Systemic chemotherapy gets into the bloodstream to reach cancer cells throughout the body. Common ways to give chemotherapy include an intravenous (IV) tube placed into a vein using a needle, or in a pill or capsule that is swallowed (orally).
A chemotherapy regimen (schedule) usually consists of a specific number of cycles given over a set period of time. A patient may receive one drug at a time or combinations of different drugs at the same time. Chemotherapy is administered by a Medical Oncologist.
The side effects of chemotherapy depend on the individual and the dose used, but they can include fatigue, risk of infection, nausea and vomiting, hair loss, loss of appetite, and diarrhea. These side effects may go away once treatment is finished.
Targeted therapy is a treatment that targets the cancer's specific genes, proteins, or the tissue environment that contributes to cancer growth and survival. This type of treatment blocks the growth and spread of cancer cells while limiting damage to healthy cells.
Recent studies show that not all tumors have the same targets. To find the most effective treatment, your doctor may run tests to identify the genes, proteins, and other factors in your tumor. This helps doctors better match each patient with the most effective treatment whenever possible. In addition, many research studies are taking place now to find out more about specific molecular targets and new treatments directed at them.
For head and neck cancers, treatments that target a tumor protein called epidermal growth factor receptor (EGFR) may be recommended. Researchers have found that drugs that block EGFR help stop or slow the growth of certain types of head and neck cancer.

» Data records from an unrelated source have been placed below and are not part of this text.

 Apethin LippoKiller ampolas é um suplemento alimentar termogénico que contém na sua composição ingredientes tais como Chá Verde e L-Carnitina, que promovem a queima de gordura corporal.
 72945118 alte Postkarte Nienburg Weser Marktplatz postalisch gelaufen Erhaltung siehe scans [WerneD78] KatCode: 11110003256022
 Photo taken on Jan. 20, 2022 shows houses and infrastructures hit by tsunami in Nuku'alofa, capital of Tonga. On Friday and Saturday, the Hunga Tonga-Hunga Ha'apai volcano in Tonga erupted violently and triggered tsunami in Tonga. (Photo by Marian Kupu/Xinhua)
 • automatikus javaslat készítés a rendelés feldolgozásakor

People often receive treatment for the cancer, and treatment to ease side effects, at the same time. In fact, patients who receive both often have less severe symptoms, better quality of life, and report they are more satisfied with treatment. Your Head & Neck Surgeon will work together with a Medical Oncologist to determine if targeted therapies are appropriate.
Metastatic head and neck cancer
If cancer has spread to another location in the body, it is called metastatic cancer. Patients with this diagnosis are encouraged to talk with Medical Oncologists, who are experienced in treating this stage of cancer. In many cases, there can be different opinions about the best treatment plan. This discussion may include clinical trials.

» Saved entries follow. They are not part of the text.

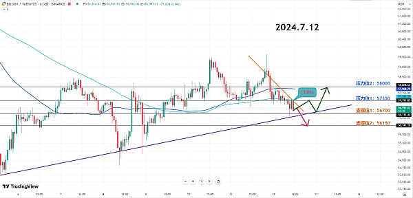 若突破第一阻力位那么币价就将会上涨到120MA均线的上方,可延续短期上涨,但需关注58000的心理阻力位。
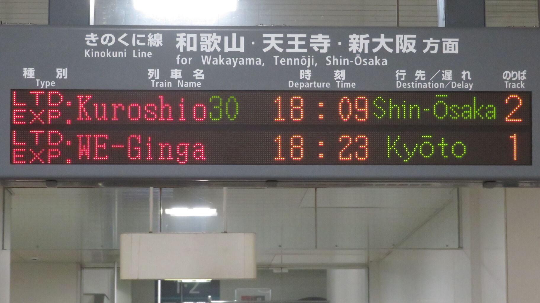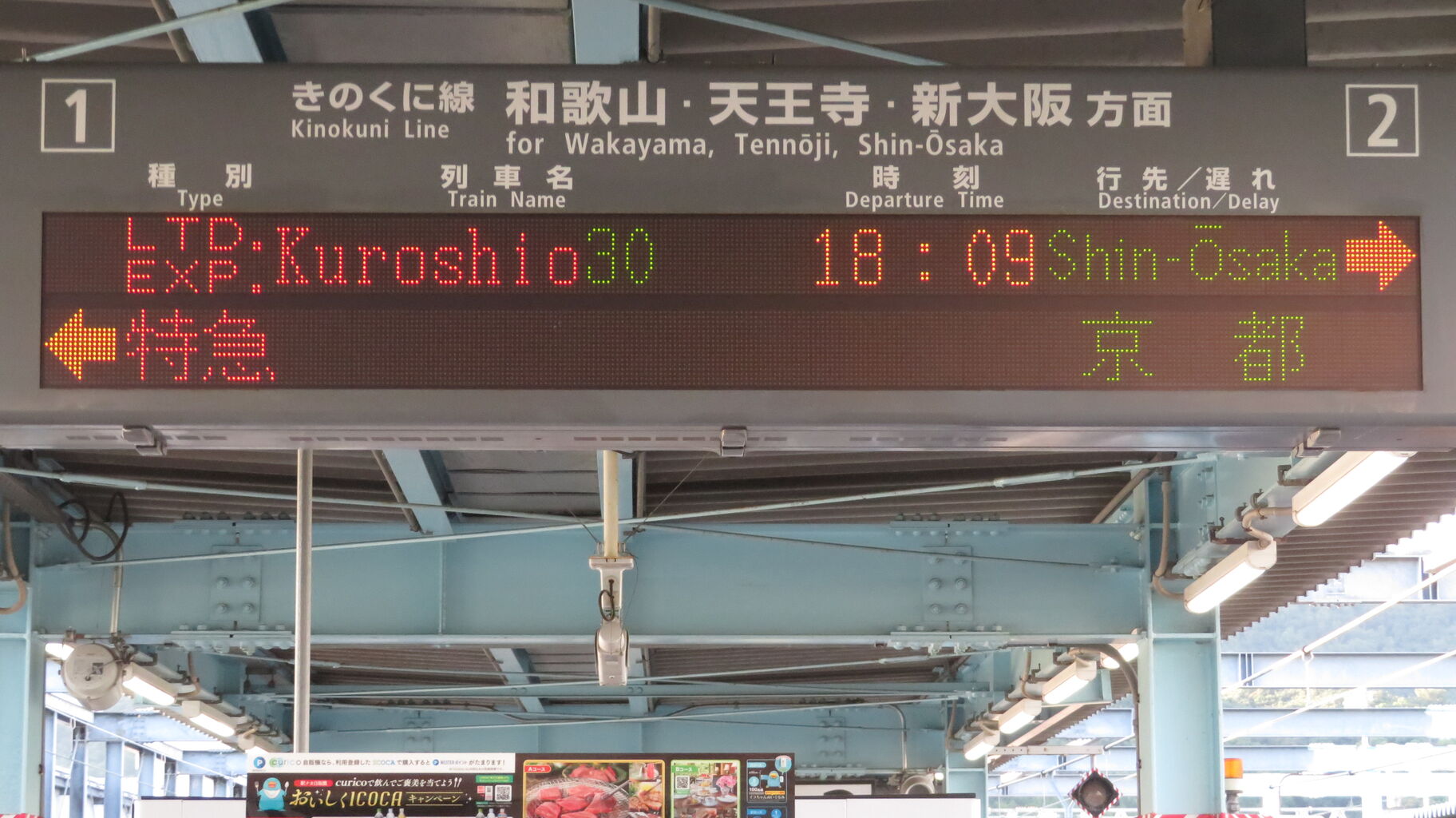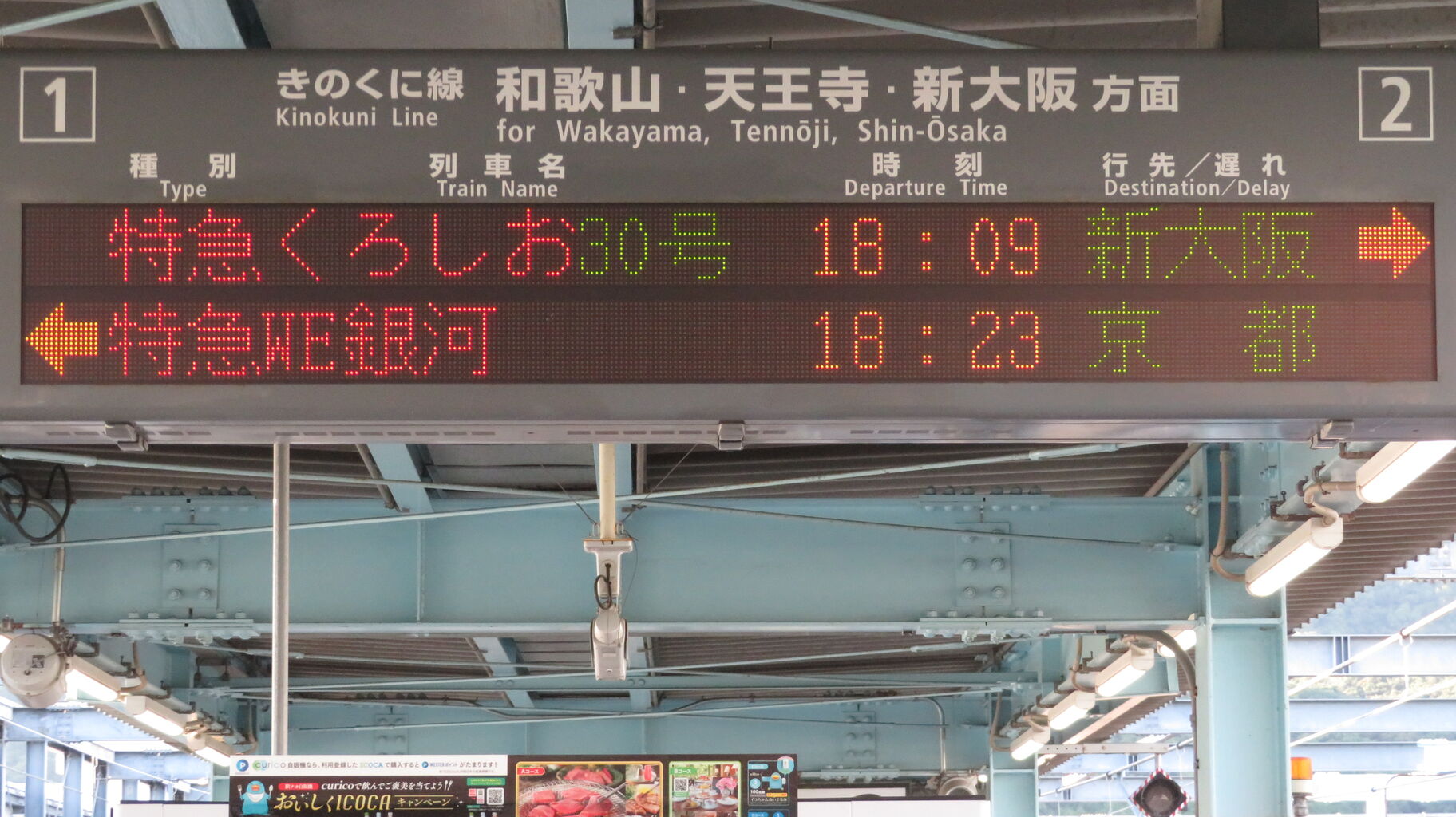 くろしおの発車後、改めてホームの発車標を撮影。
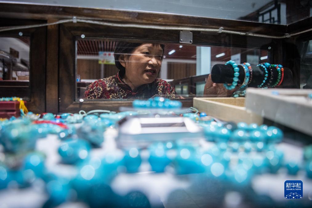 10月11日,湖北省鄖西縣下營村村民郭明鳳在介紹自己展銷櫃&內的綠松石製品。
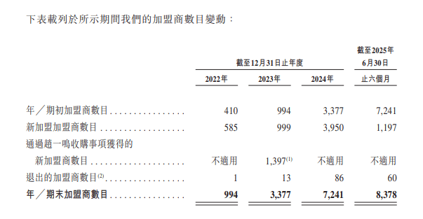 截至2022年、2023年和2024岁暮以及2025年6月末,加盟商数目别离为994家、3377家、7241家、8378家;退出加盟商的数目别离为1家、13家、86家、60家;新添加盟商的数目别离为585家、999家、3950家、1197家,此中2025年上半年新添加盟商不脚客岁全年新添加盟商的三分之一。
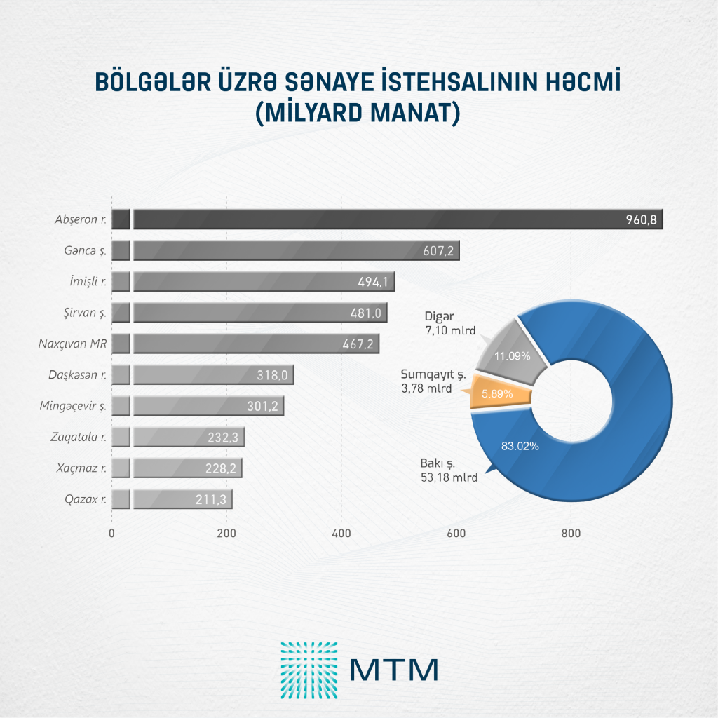 Bölgələr üzrə bölgüyə baxsaq, sənaye istehsalının əsas hissəsinin – 83,02%-nin və ya 53,18 milyard manatının paytaxtda qeydə alındığını görərik. Buna səbəb neft və qaz hasilatının əsasən Bakı ərazisində həyata keçirilməsidir. 2024-cü il ərzində sənaye şəhəri sayılan Sumqayıtda 3,78 milyard manat həcmində istehsal qeydə alınıb. Bu, istehsal həcmi milyardlarla ölçülən ikinci və sonuncu bölgəmizdir. Qalan bölgələr isə ümumilikdə sənaye istehsalının 11,08%-ni təşkil edib. Bu da 7,1 milyard manata bərabərdir. Buraya daxil olan hər bölgə üzrə sənaye istehsalının həcmi 1 milyard manatdan az olub.
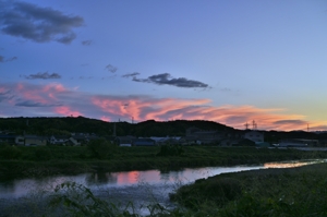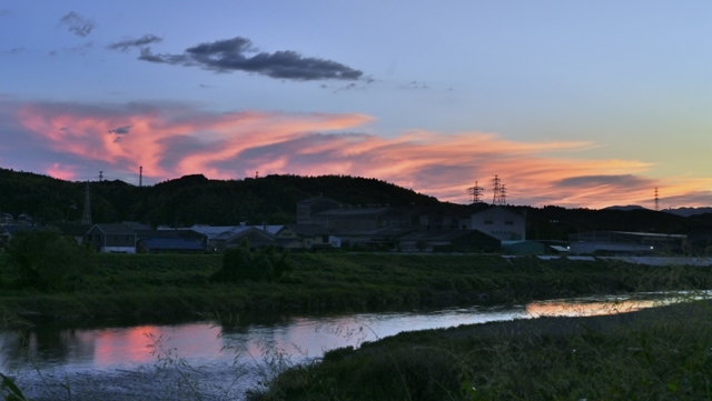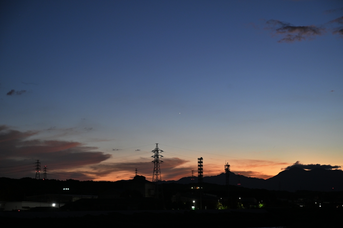 | 秋雨前線は大きく南下して、秋の涼しい空気に包まれました。 九州の南には低気圧が発生して、これに伴う上層の雲が 夕方に西からやってきたのが南の低空に見えました。 これは日没後の夕焼けの光に照らされて急激に顕著に なり、飽きることなく眺められるとても美しい光景でした。 その後見えてきたのは、まだ低い空にある金星。 日に日に明るさを増し、一番星らしくなってきました。 |

Your health care team may recommend a treatment plan that includes a combination of surgery, radiation therapy, chemotherapy, and targeted therapy.
For most patients, a diagnosis of metastatic cancer is very stressful and, at times, difficult to bear. Patients and their families are encouraged to talk about the way they are feeling with doctors, nurses, social workers, or other members of the health care team. It may also be helpful to talk with other patients through a support group.

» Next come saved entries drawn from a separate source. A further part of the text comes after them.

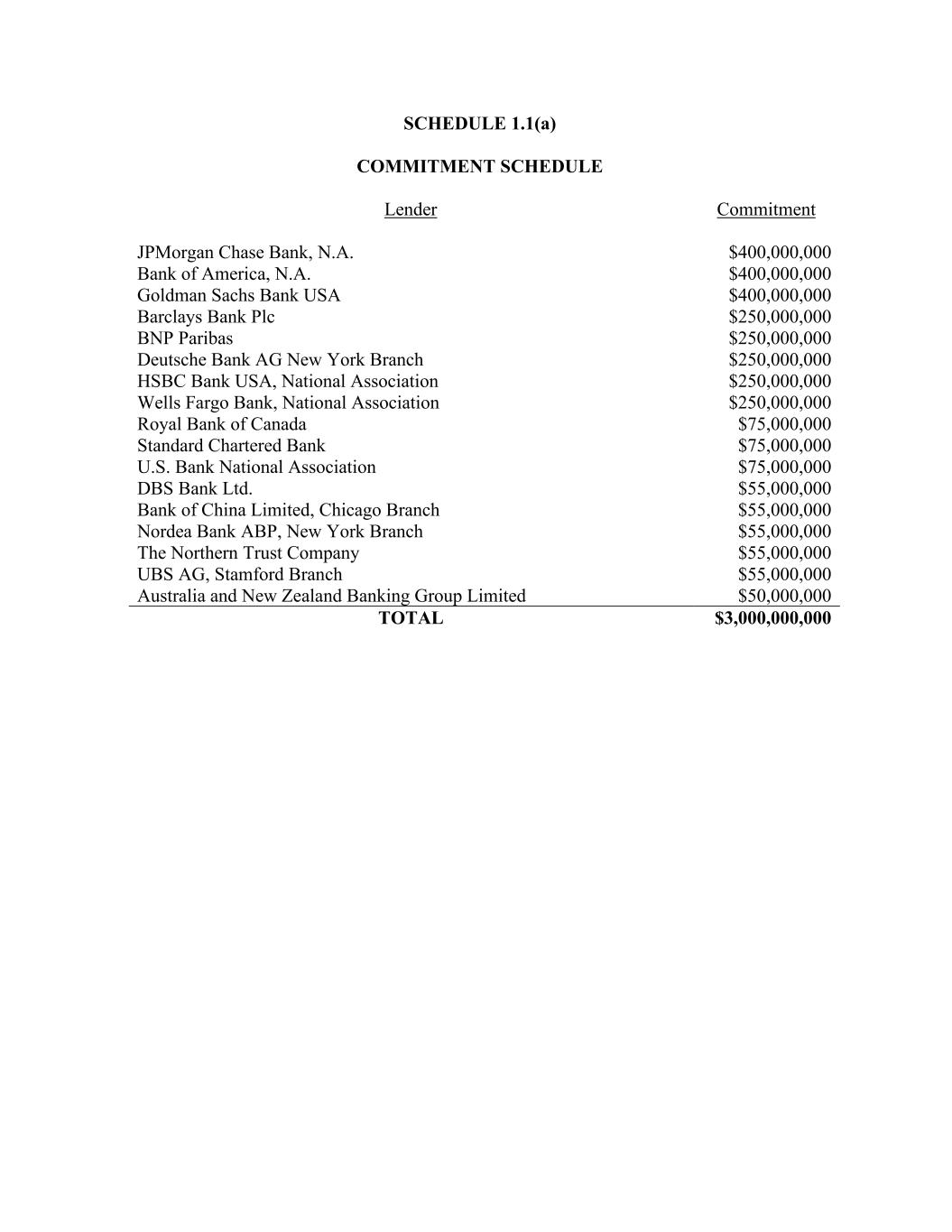 SCHEDULE 1.1(a) COMMITMENT SCHEDULE Lender Commitment JPMorgan Chase Bank, N.A. $400,000,000 Bank of America, N.A. $400,000,000 Goldman Sachs Bank USA $400,000,000 Barclays Bank Plc $250,000,000 BNP Paribas $250,000,000 Deutsche Bank AG New York Branch $250,000,000 HSBC Bank USA, National Association $250,000,000 Wells Fargo Bank, National Association $250,000,000 Royal Bank of Canada $75,000,000 Standard Chartered Bank $75,000,000 U.S. Bank National Association $75,000,000 DBS Bank Ltd. $55,000,000 Bank of China Limited, Chicago Branch $55,000,000 Nordea Bank ABP, New York Branch $55,000,000 The Northern Trust Company $55,000,000 UBS AG, Stamford Branch $55,000,000 Australia and New Zealand Banking Group Limited $50,000,000 TOTAL $3,000,000,000
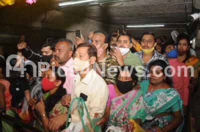 Photo Caption : Devotees performing puja to the gold face mask of lord Shiva at Trineshwaraswamy Temple, on the occasion of Maha Shivaratri festival, in Mysuru on Thursday 11th March 2021
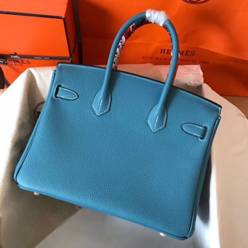 Hermes Birkin 30 Handmade Bag In Blue Atoll Clemence Leather
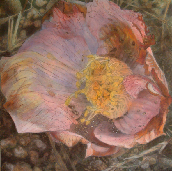 日本画制作は180x270 cm の大作を描き、その後 小品では全く別の視点から、部分をクローズアップしたものをトリミングし、それが何か、花の形状がわからないようなアプローチを試みた。しかしどうしても形を描かないと、しっくりいかず、また元に戻るという試行錯誤の中にいる。枯れた花に、「わび、さび」 を感じるという人もいるが、私の意志としては、個体、種としての生と死、とりわけ生態系の危機的状況を憂いたものとして、物言わぬ花を描いてみようとしたものである。
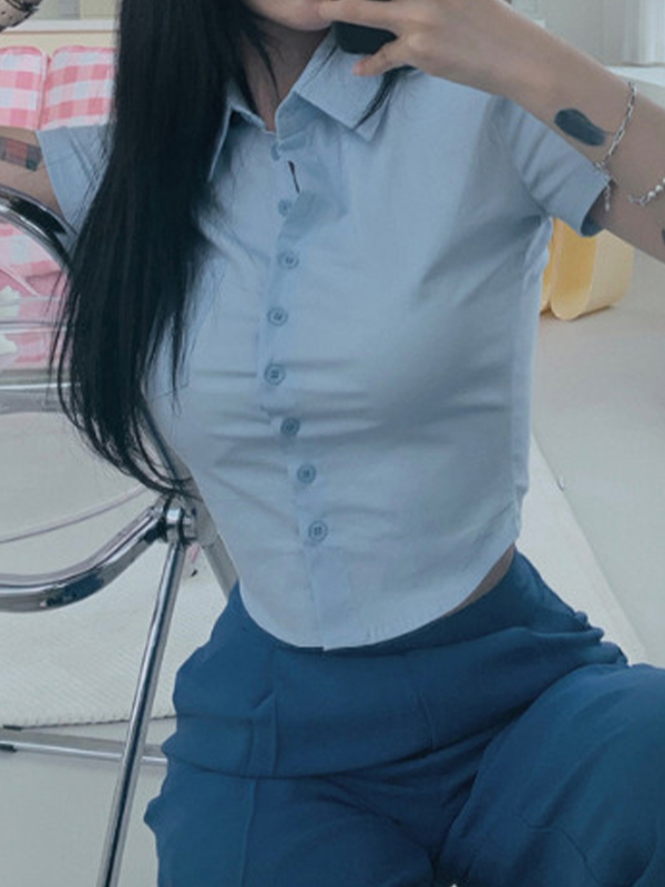 Plain Slim Short Sleeves Shirts

Remission and the chance of recurrence
A remission is when cancer cannot be detected in the body and there are no symptoms. This may also be called having "no evidence of disease" or NED.
A remission may be temporary or permanent. This uncertainty causes many people to worry that the cancer will come back. While many remissions are permanent, it is important to talk with your doctor about the possibility of the cancer returning. Understanding your risk of recurrence and the treatment options may help you feel more prepared if the cancer does return. If the cancer does return after the original treatment, it is called recurrent cancer. It may come back in the same place (called a local recurrence), nearby (regional recurrence), or in another place (distant recurrence).
When this occurs, a cycle of testing will begin again to learn as much as possible about the recurrence. After testing is done, you and your doctor will talk about your treatment options.
People with recurrent cancer often experience emotions such as disbelief or fear. Patients are encouraged to talk with their health care team about these feelings and ask about support services to help them cope.